Revolutionizing Data Labeling: Insights from Devang Sachdev of Snorkel AI
Development, Ethics & Society, Interviews, Machine Learning
Snorkel AI: Streamlining the Data Labeling Process
Correctly labeling training data for AI models is essential to prevent significant issues. However, the manual labeling of vast datasets can be both time-consuming and arduous. Reliance on pre-labeled datasets has also posed challenges, as shown by MIT’s recall of its 80 Million Tiny Images dataset due to the presence of numerous racist and misogynistic labels that could misguide AI models.
In a recent discussion, we spoke with Devang Sachdev, VP of Marketing at Snorkel AI, about how the company is addressing the cumbersome data labeling process effectively and safely.
How is Snorkel enhancing the data labeling process?
Devang Sachdev explained: “Snorkel Flow transforms the traditional manual training data labeling into a programmatic approach that we’ve demonstrated can accelerate the creation of training data by 10 to 100 times. Users can capture their knowledge and available resources—both internal, like ontologies, and external, such as foundation models—into labeling functions applied at scale.”
He continued, “Unlike conventional, rules-based methods that may lack coverage or conflict, Snorkel Flow employs theoretically grounded weak supervision techniques to intelligently merge labeling functions and auto-label your dataset using an optimal model. With this initial dataset, users can easily train a larger machine learning model from our ‘Model Zoo.’ This process enables the model to:
- Generalize beyond the model’s output.
- Conduct model-guided error analysis to pinpoint confusion areas, providing auto-generated suggestions and tools for data exploration and tagging for further refinement.
This rapid, iterative, and flexible method resembles software development more than the tedious, manual labor traditionally associated with data labeling. Much like software, it allows users to inspect and adapt the code that generates training data labels.
Are there risks in over-automating the labeling process?
According to Sachdev, “The labeling process itself carries inherent risks due to human fallibility.
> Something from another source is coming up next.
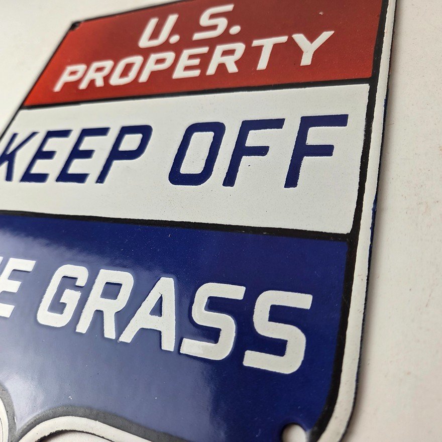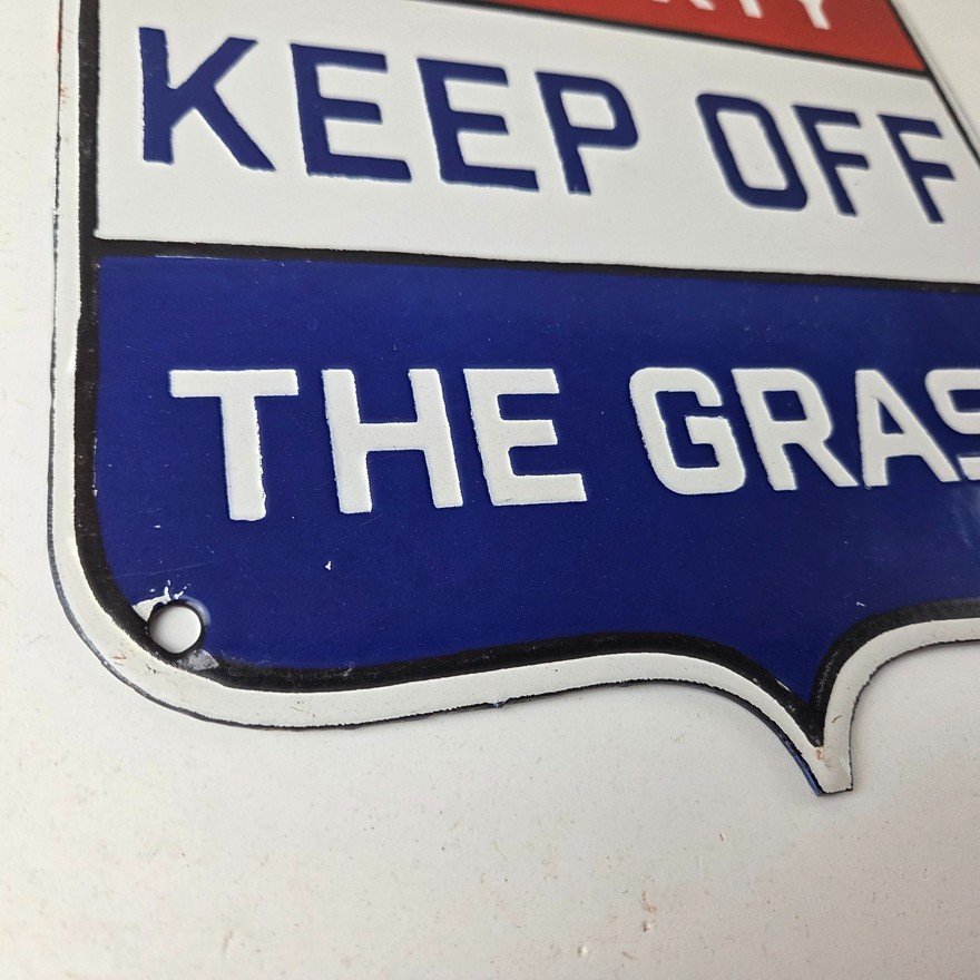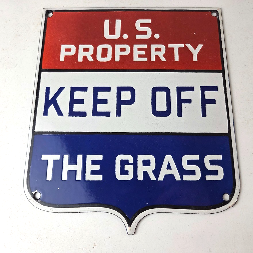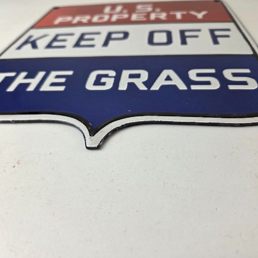 This vintage U.S. Property Keep Off the Grass porcelain sign features the iconic Red White & Blue shield shape. This sign has excellent color and porcelain. The sign measures 10 inches by 8 1/2 inches.

Factors such as fatigue, errors, and underlying biases can inadvertently be encoded into the model through manual labeling. When inaccuracies or biases arise, the model may amplify these issues, causing detrimental outcomes across various applications, from lending inequalities to hiring discrimination and missed medical diagnoses.”
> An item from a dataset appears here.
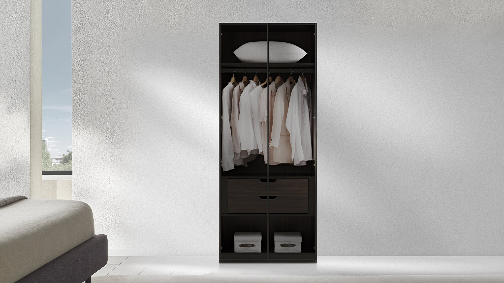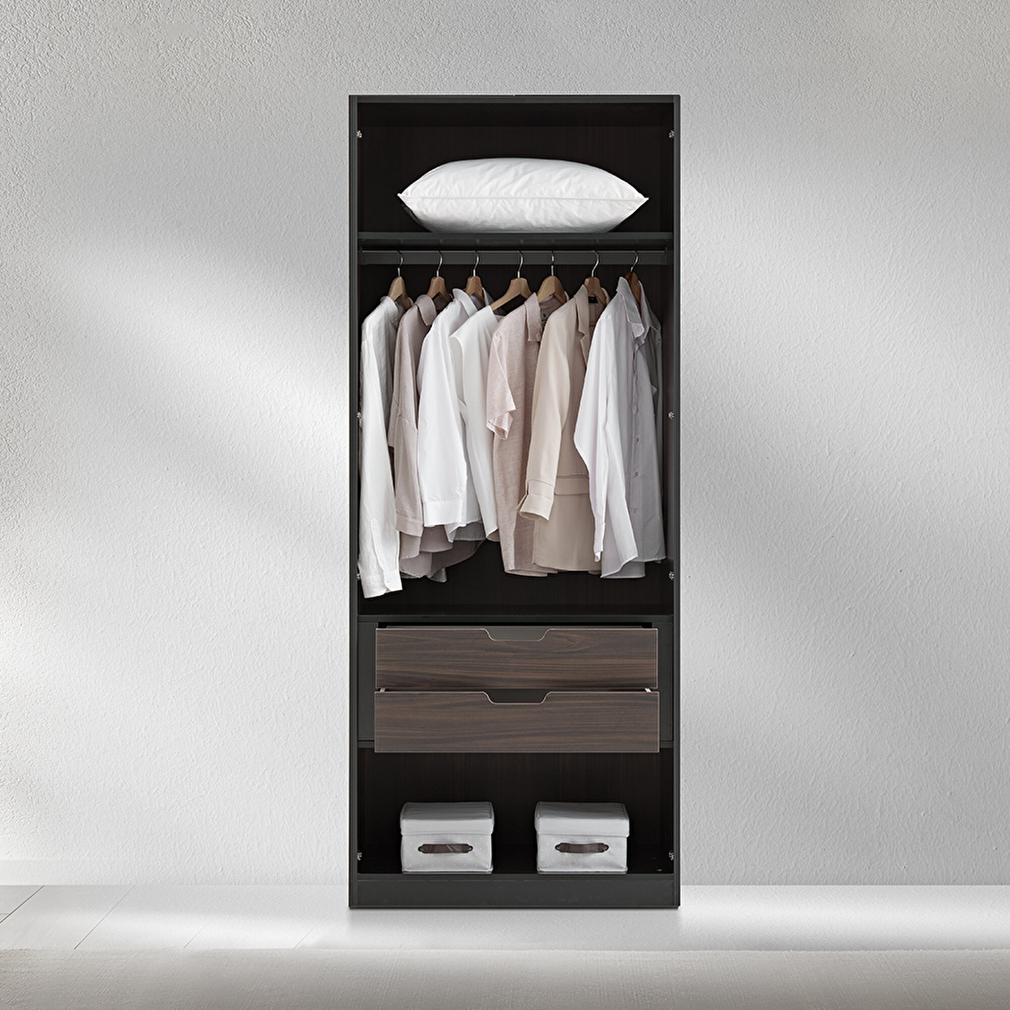 Практичный дизайн Шкаф Parma сочетает элегантность и продуманный дизайн, предлагая удобное пространство для хранения благодаря двум ящикам.

He added, “Moreover, there are practical dangers in over-automating and removing the human element from training data development. Training data embodies human expertise, and while some instances may not demand specialized input for labeling, these instances are exceptions rather than the rule. For effective training data, it’s crucial to encapsulate the complete knowledge of subject matter experts and the diverse resources they utilize for decision-making. Engaging highly sought-after experts for manual labeling is not scalable and results in untapped value.”
To address these issues, a programmatic approach to data labeling should be adopted, shifting focus from model-centric to data-centric AI workflows. This involves:
- Allowing domain experts to translate their expertise into scalable labeling processes rather than performing tedious one-by-one annotations.
- Implementing weak supervision to efficiently auto-label data at scale.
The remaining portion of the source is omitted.